The French company's court-appointed administrator argued before the Court of Cassation that the choice-of-court clause, which required the French company to bring proceedings before the Irish courts, while the Irish company had the option of bringing proceedings before another court, was potestative in nature.
The Court of Cassation noted that the choice-of-court clause required the French company to bring proceedings before the Irish courts, while its contracting party retained the option of bringing proceedings before another jurisdiction. Since the clause identified the courts that might have jurisdiction over a dispute between the parties arising from the performance or interpretation of the contract, it met the requirement of predictability that choice-of-court clauses must satisfy. Consequently, the Court dismissed the appeal against this decision.
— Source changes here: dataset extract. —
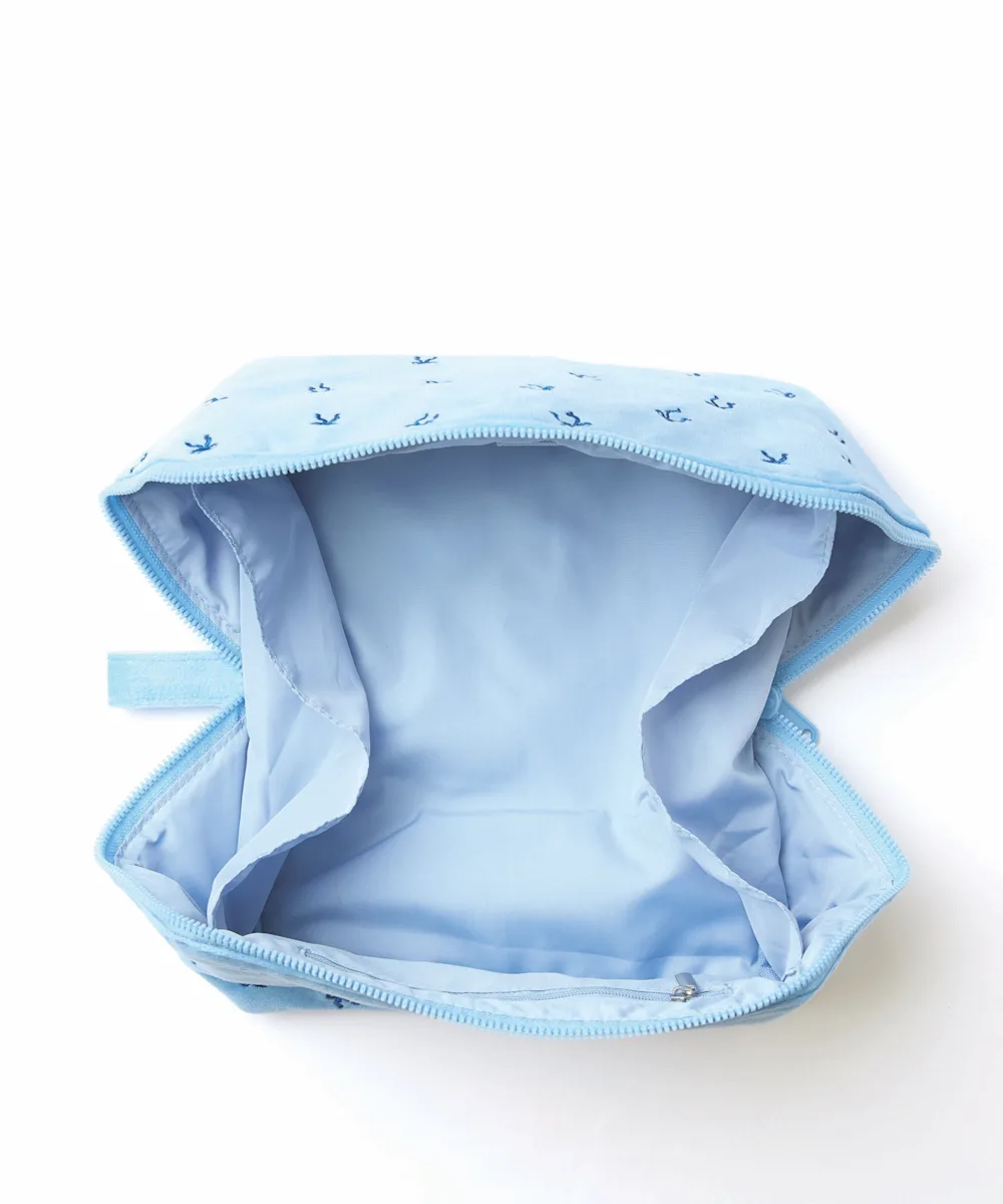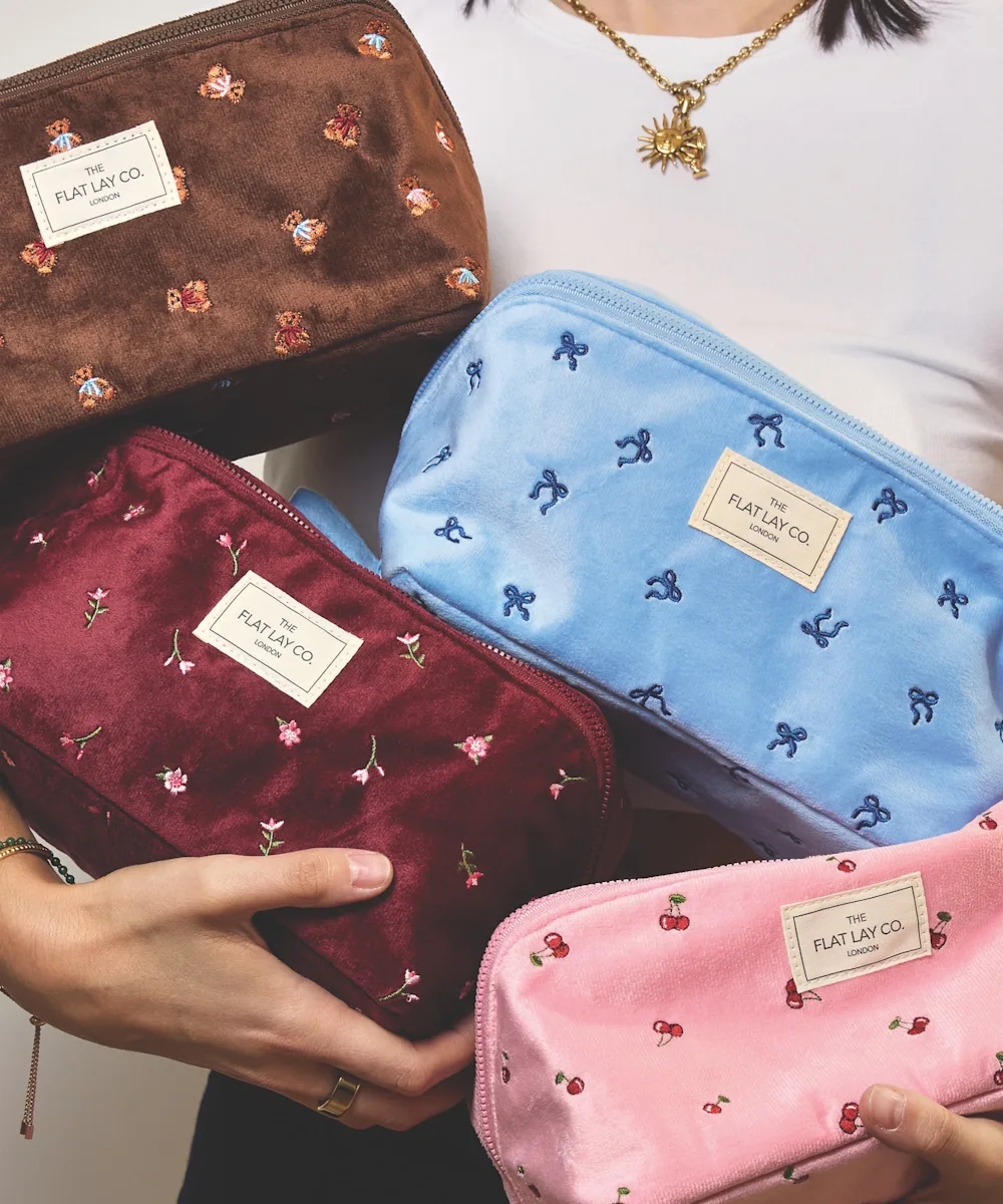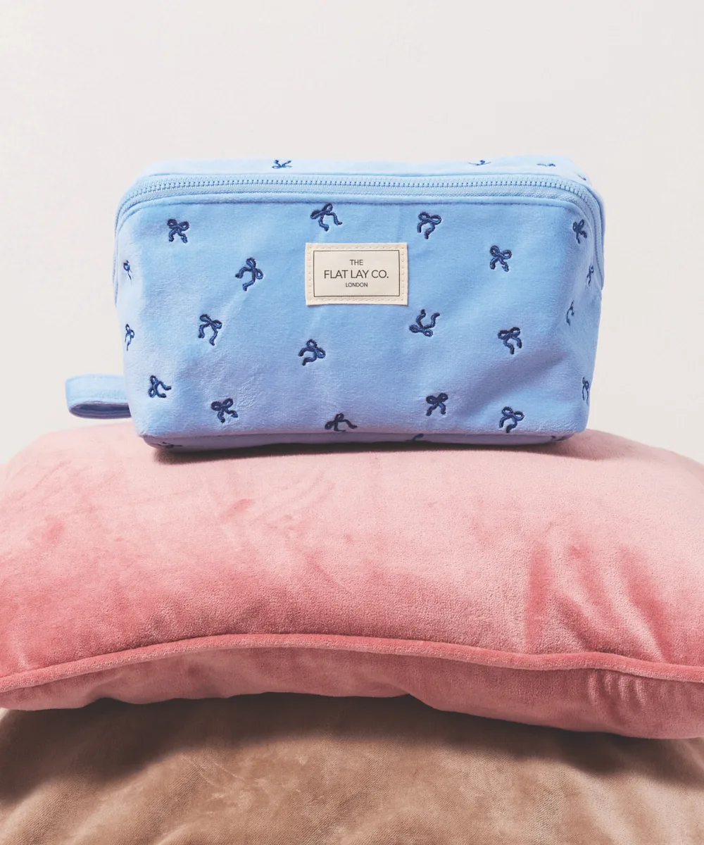 Flat Lay Makeup Box Bag - Ditsy Bows Blue Embroidered Velvet

12. Liability for the company debts of a partner in a civil society

Com. 13 October 2015 (No. 11-20.746) F-PB:

The real estate company (SCI), created by the plaintiff with a co-partner for the purpose of carrying out real estate transactions, took out a loan of 620,400 francs (94,579.37 euros) in December 1989. As the SCI ceased making regular payments on this loan starting in November 1991, the lender notified the SCI of the acceleration of the loan on June 27, 1997, and then served a writ of execution for the seizure of the property. This procedure was ultimately dismissed on March 17, 1999. Finally, as the SCI was placed in judicial liquidation on February 9, 2006, the lender filed its claim and then sued the plaintiff for payment in her capacity as a partner in the SCI.
The Court of Appeal, on the one hand, rejected the objection of inadmissibility based on the statute of limitations raised by the partner, ordered the partner to pay the lender a certain sum in his capacity as partner, and refused to hold the lender liable.
The Court of Cassation upheld the lower court's decision. To this end, it first noted that the lender's claim had been irrevocably admitted on June 28, 2010, as a liability in the bankruptcy proceedings of the SCI (real estate company). The claim was thus definitively established in its existence and amount with respect to the partners, who, being jointly and severally liable to third parties for the company's debts in proportion to their share of the capital, could not invoke the potential statute of limitations on the claim. The Court then specifies that the harm suffered by the partner, which results not from a tortious fault on the part of the lender, but directly from the failure of the SCI to repay the loan and its corresponding obligation to bear the social losses in its capacity as a partner, does not have a personal character that would justify an action for liability on her part against the lender.